Citigroup lifts AI market view
- Citigroup raised its 2030 global artificial intelligence market forecast above $4.2 trillion on April 28, citing faster enterprise uptake in coding and automation. - Citi said about $1.9 trillion of that 2030 total would come from enterprise AI, up from its prior roughly $1.2 trillion estimate. - The revision points to stronger business demand after months of rising AI revenue signals. (reuters.com)
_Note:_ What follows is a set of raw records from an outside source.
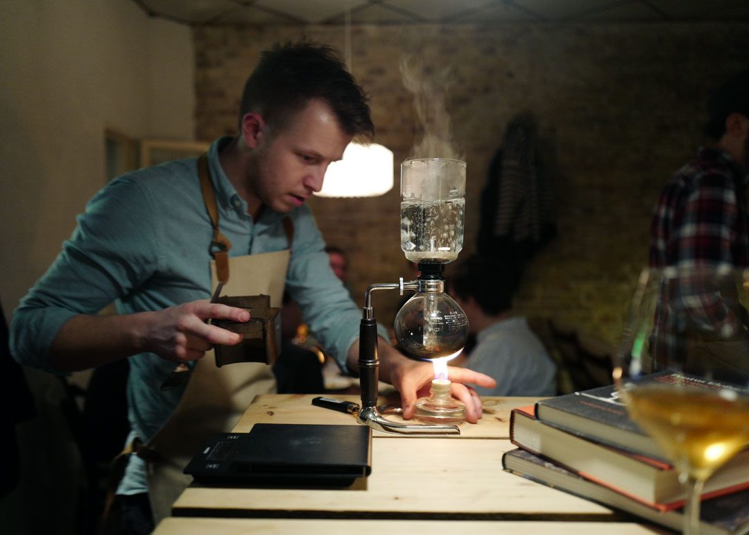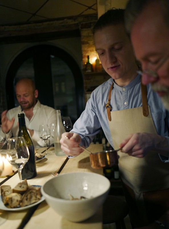 Vi har vin i glasset og maten er på vei. Nå har vi det som plommen i egget og Patrick er den perfekte vert der han svinser mellom bordene og skjenker vin. Litt til seg selv for å smake og så i glassene til gjestene. Han brygger kaffe – både Chemex og shifon.
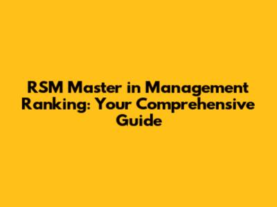 RSM Master In Management Ranking: Your Comprehensive Guide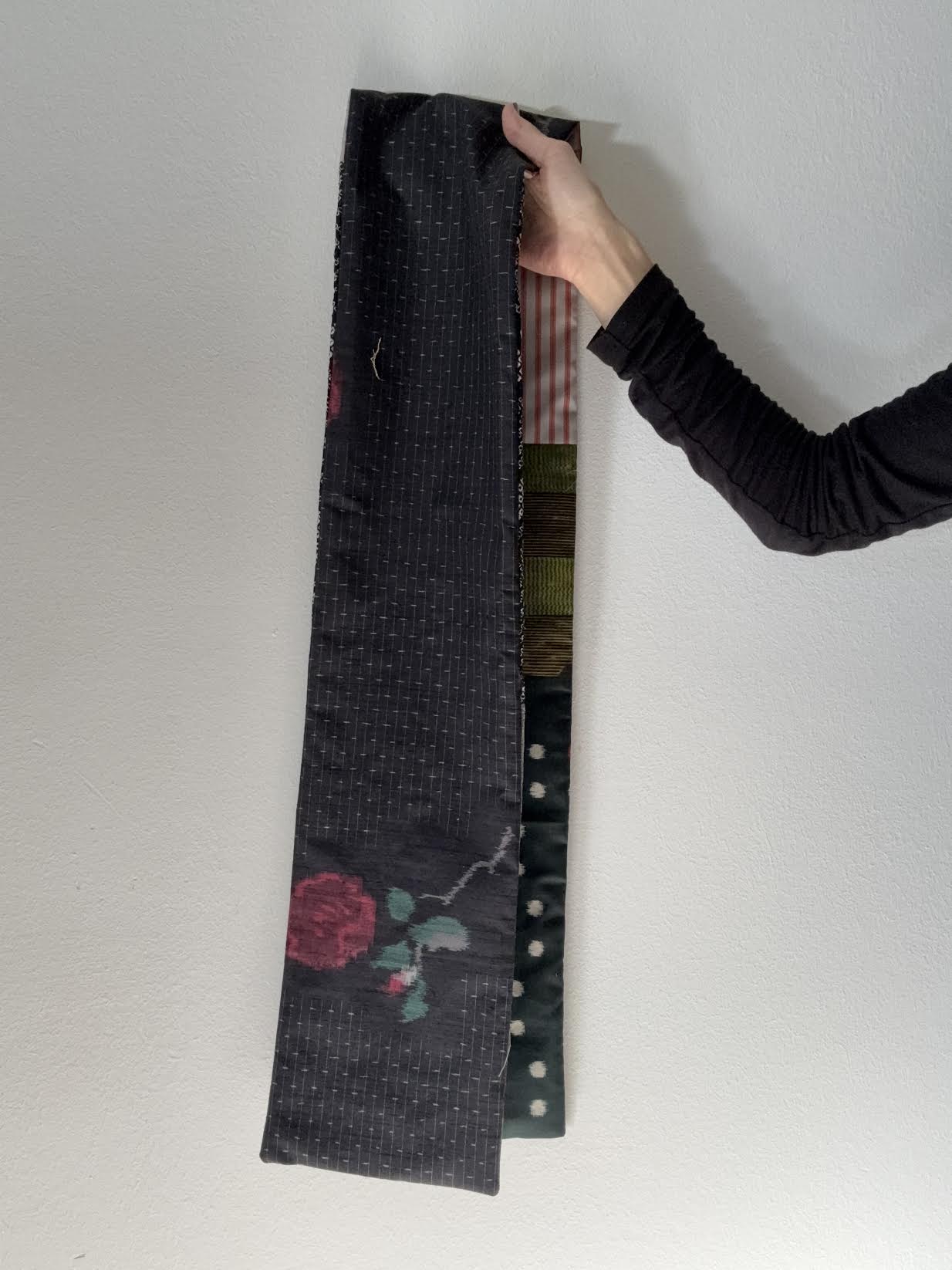 Combination with several pieces of kimono fabric.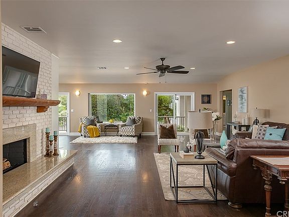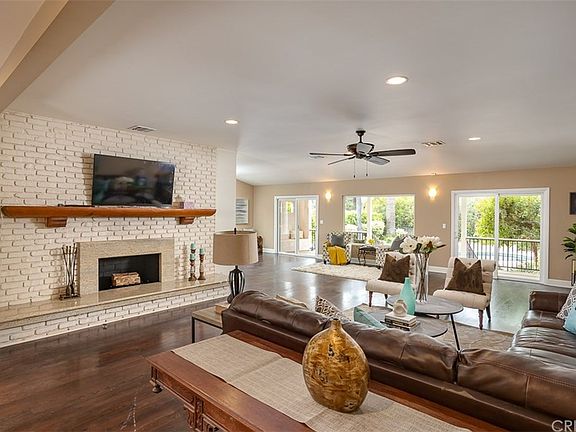 A wonderful updated home in Porter Ranch offers a pool, RV Parking and a cul-de-sac location. Enter to stunning hardwood wood floors and a fireplace in the living room. The wide-open floor plan is filled with natural light from every direction. There are 2 breakfast bars and a formal dining area with fireplace. Stylish granite counters and back splash accent the beautifully remodeled kitchen. The authentic hardwood floors expand throughout the entire house, leaving no carpet at all to clean. There are also plantation shutters in every room. Step down into the romantic master suite with high ceiling and wonderful natural light. The exquisite master bathroom offers an all glass shower and separate tub. Three guest bedrooms are very spacious and two of them have attached remodeled bathrooms. The rear covered patio is elevated above the pool area, making it the perfect place to keep an eye on backyard activities. The RV parking near the garage is very convenient for a growing family with future cars to park, or it is great for a basketball hoop. All of this wraps into an outstanding value in the middle of an outstanding school district, which is hard to find.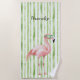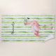 Green Pink Flamingo Beach Towel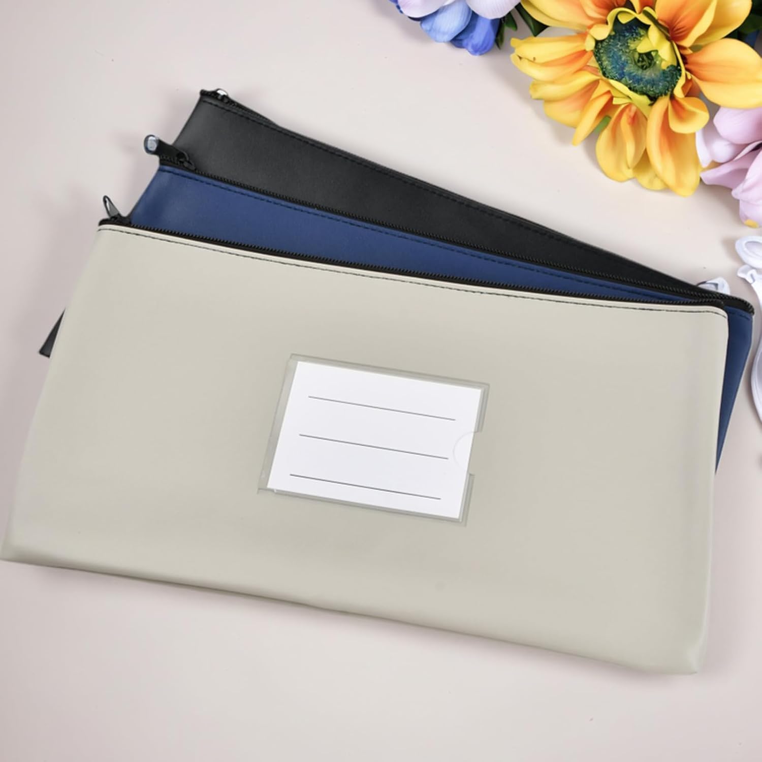 Specifications: Dimensions: 28 x 15 cm. Color Combinations: Black x3, Black + Blue + Light Grey, Black + Blue + Red Material: PU leather Package Includes: 3 x Banknote Bags

Citigroup raised its 2030 global artificial intelligence market forecast to more than $4.2 trillion, saying businesses are adopting AI tools faster than it expected. (reuters.com) In an April 27 note, Citi said roughly $1.9 trillion of that 2030 total would come from enterprise AI. Its earlier forecast was more than $3.5 trillion overall, with nearly $1.2 trillion tied to enterprise use. (reuters.com) The bank tied the revision to faster adoption of AI for coding and automation. It pointed to Anthropic as one company showing strong revenue growth from business customers. (reuters.com) Enterprise AI is the part of the market where companies buy software to write code, summarize documents, answer internal questions, or automate routine tasks. Citi’s new numbers suggest those purchases are moving from pilot projects into larger budgets. (reuters.com) That call lands as companies are debating whether to rely on one giant general model or a set of smaller systems trained for specific jobs. Gartner said domain-specific language models can improve relevance, accuracy, compliance, and cost for specialized business tasks. (gartner.com) A domain-specific model is closer to a specialist than a general practitioner: it is trained or tuned on a narrower body of data, such as legal contracts, medical records, or software code. That narrower focus can make it easier to deploy inside regulated industries with tighter controls on data and output. (gartner.com) Citi’s forecast does not settle that architecture debate, but it does put a larger dollar figure on the demand behind it. More companies are now spending on AI tools that fit directly into existing workflows instead of treating chatbots as stand-alone experiments. (reuters.com) (gartner.com) The new forecast shifts the argument from whether enterprises will buy AI to how that spending will be split across models, software, and infrastructure. Citi’s answer, for now, is that the business market is getting bigger faster. (reuters.com)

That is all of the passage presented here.